The invention will be explained in more detail with reference to the accompanying drawings. In this show:

FIG. 1

1 shows a preferred embodiment of the valve battery according to the invention in a perspective view and with the terminating element of the fluid distributor of the valve battery removed;

FIG. 2

a section through the valve battery FIG. 1 according to section II-II in the area of the safety valve,

FIG. 3

that in the arrangement of FIGS. 1 and 2 used safety valve in longitudinal section in a single representation when taking the venting position,

FIG. 4

the safety valve off FIG. 3 in the normally used in normal operation Durchlassstellung,

FIG. 5

in one of the FIG. 3 correspondingly, a modified safety valve when the ventilation position is taken, and

FIG. 6

the safety valve off FIG. 5 in the transmission position.

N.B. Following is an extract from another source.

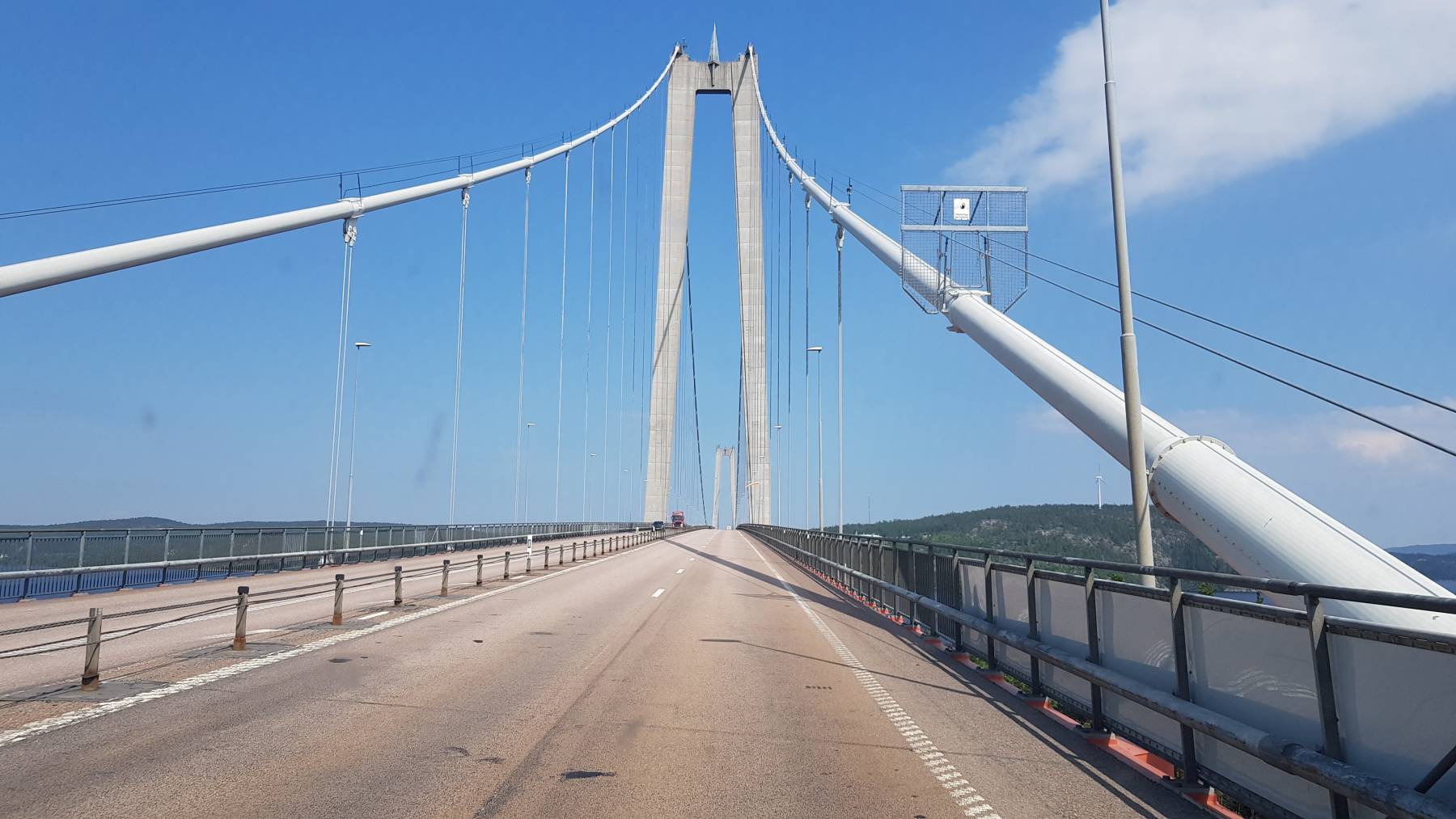 Nun sehen wir einen coop markt. Frische Sachen einkaufen muss auch wieder sein: Brot, Obst und Gemüse (sehr teuer). Wieder etwas weiter an der kostenlosen Wohnmobilentsorgungsstation können wir nicht nur entleeren und Wasser tanken, sondern verquatschen uns noch mit einer fünfköpfigen Familie aus Much, die auf dem Weg zum Nordkap ist. Sie ist auch noch in Bensberg geboren.

The designated in its entirety by reference numeral 6 valve battery preferred structure includes a extending in the direction of a longitudinal axis 7 fluid manifold 8, which is fitted to a mounting surface 12 with a plurality of electrically actuated control valves 13. The control valves 13 are arranged successively in a direction indicated by a double arrow Aufreihungsrichtung 14, which coincides with the longitudinal axis 7. Also located on the mounting surface 12, incorporated in the series of control valves 13, a safety valve 15. The latter includes the embodiment of the series of control valves 13 at one end.

The fluid distributor 8 is penetrated in its longitudinal direction by at least one common for all control valves 13 supply channel 1. Parallel to this common supply channel 1 extend in the fluid manifold 8, a first and second common vent channel 3, 5, each like the common supply channel 1 multiple times to the mounting surface 12, so that each control valve 13 communicates with each of the common supply channels 1 and venting channels 3, 5.

In addition, the common supply channel 1 and the two common venting channels 3, 5 open at a loading place 16 of the mounting surface 12, on which the safety valve 15, for example, by a screw, is detachably mounted. Thus, both the common supply channel 1 and the first and second common vent channel 3, 5 communicate with each control valve 13 and also with the safety valve 15.

Each control valve 13 further communicates with two specifically associated with him individual working channels 17, 18 which pass through the fluid manifold 8 transversely to the longitudinal axis 7 and each end at the attachment surface 12 to the associated control valve 13 and the other end along the outside at the fluid manifold 8 to a connection surface 22 , At the connection surface 22, the working channels 17, 18 are connected to fluid lines, not shown, which lead to consumers to be driven, for example, actuated by fluid force drives.

In normal operation of the valve battery 6 is in the common supply channel 1 under a supply pressure pressure medium, in particular compressed air available. This comes from a connected to the valve battery 6 pressure source P. The control valves 13 are electrically actuated and can each be spent in different switching positions in which they each connected individual working channels 17, 18 each optionally with the common supply channel 1 or one of the two common venting channels 3, 5 in conjunction. In general, this is a so-called 5/2-switching function.

The operating signals required for the electrical actuation of the control valves 13 - these are to be understood as both control signals and actuation energy - arrive via an electrical linking device 23 extending in the line-up direction 14 to electrical connections of the control valves 13 which are not shown in more detail. which can be arranged on board the valve battery 6 and / or externally.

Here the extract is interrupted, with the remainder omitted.